OMG this is becoming such a good thought stimulating thread. I like the way you guys are thinking outside of the given question in order to test if you have really grasped the concept and mastered the approach.

Kevinw, it was not devided by seven. a^b means a to the power of b. In other words, for the original question people has multiplied C(7,4) by the probabilities of rain for four days and no rain for three days: (1/2)^4*(1/2)^3.

How would you solve it if the percentage of rain likely on any days is 30% as against the given 50%( or 1/2).

Assuming your addition is a contineuation of the original question. =7C4 * (3/10)^7 =(35x2187)/10^7

Using the following:

nPk = nCk * p^k * (1-p) ^ (n-k)
where nPk denotes the probability of an event having a given outcome exactly k times in n tests, p is the probability of the event having this outcome in each single test, and nCk comes from Combinations Theory.

it should be 7C4 * (3/10)^4 * (7/10)^3 iSN'T IT??????

CAN SOMEBODY TELL ME WHETHER I AM RIGHT OR WRONG?????

MA wrote: Yes, You guys are right. To add a twist to the problem: a) What is the probablility that it would rain on 4 consequitive days out of the 7 consequtive days?

=7P4(1/2^7)

MA, Hint: we are looking for 4 consequitive days -> There are only 4 sets of consequitve days Days {1,2,3,4} , {2,3,4,5}, {3,4,5,6}, {4,5,6,7}

Also, we don't care if it rains on the other 3 days or not.

Quote:

MA wrote: b) What is the probablility that it would rain on only 3 alternate days out of the 7 consequtive days?

=3*(1/2)^7 ??????????

MA, Hint: 3 Alternate days are Days {1,3,5} or { 2,4,6} or {3,5,7} Here, we don't want rain on other days.

Quote:

MA wrote:

c) If it rains on the day before, the probability of it raining the next day becomes 1/4. What is the probability that it rains on 4 days out of 7 consecutive days in Rwanda?

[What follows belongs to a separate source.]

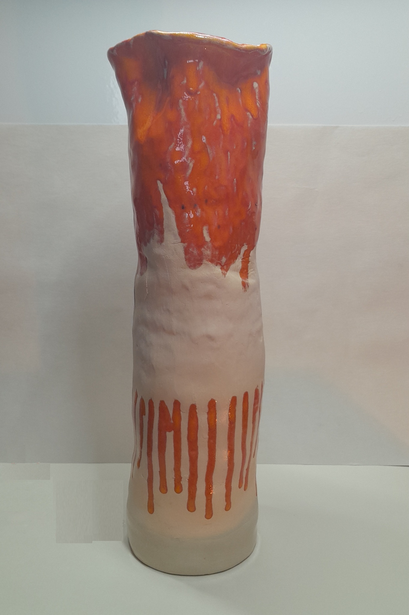 100-Vazen-project – Aardewerk, geglazuurd - proces onderzoek - Alle vazen zijn handgevormd, opgebouwd uit ringen. De vazen zijn cilindervormig en minimaal 30 cm hoog. De vazen lijken elk een eigen karakter te hebben. Hoe verhouden ze zich tot elkaar en tot de ruimte waar ze staan?

Hint: We cannot use Binomial eqn here as the probabilities are dependant.
This one is definitely complicated - we may need to consider different cases such as consequitve days or alternate days and come up an answer.
I am sure somebody will solve this one.

a) What is the probablility that it would rain on 4 consequitive days out of the 7 consequtive days?

4C1/(2)^7= 4/128 = 1/32

b) What is the probablility that it would rain on only 3 alternate days out of the 7 consequtive days?

3/128

c) If it rains on the day before, the probability of it raining the next day becomes 1/4. What is the probability that it rains on 4 days out of 7 consecutive days in Rwanda?

there are 4 days of rain: 1 - it rains alternate days. 2 - it rains 2 consecutive days and 2 other days non consecutive 3 - it rains 3 days consec and 1 day non consec and 4 - it rains consec. Sum each of these probs to get the total prob. Not sure if this is the right approach, but thats my shot.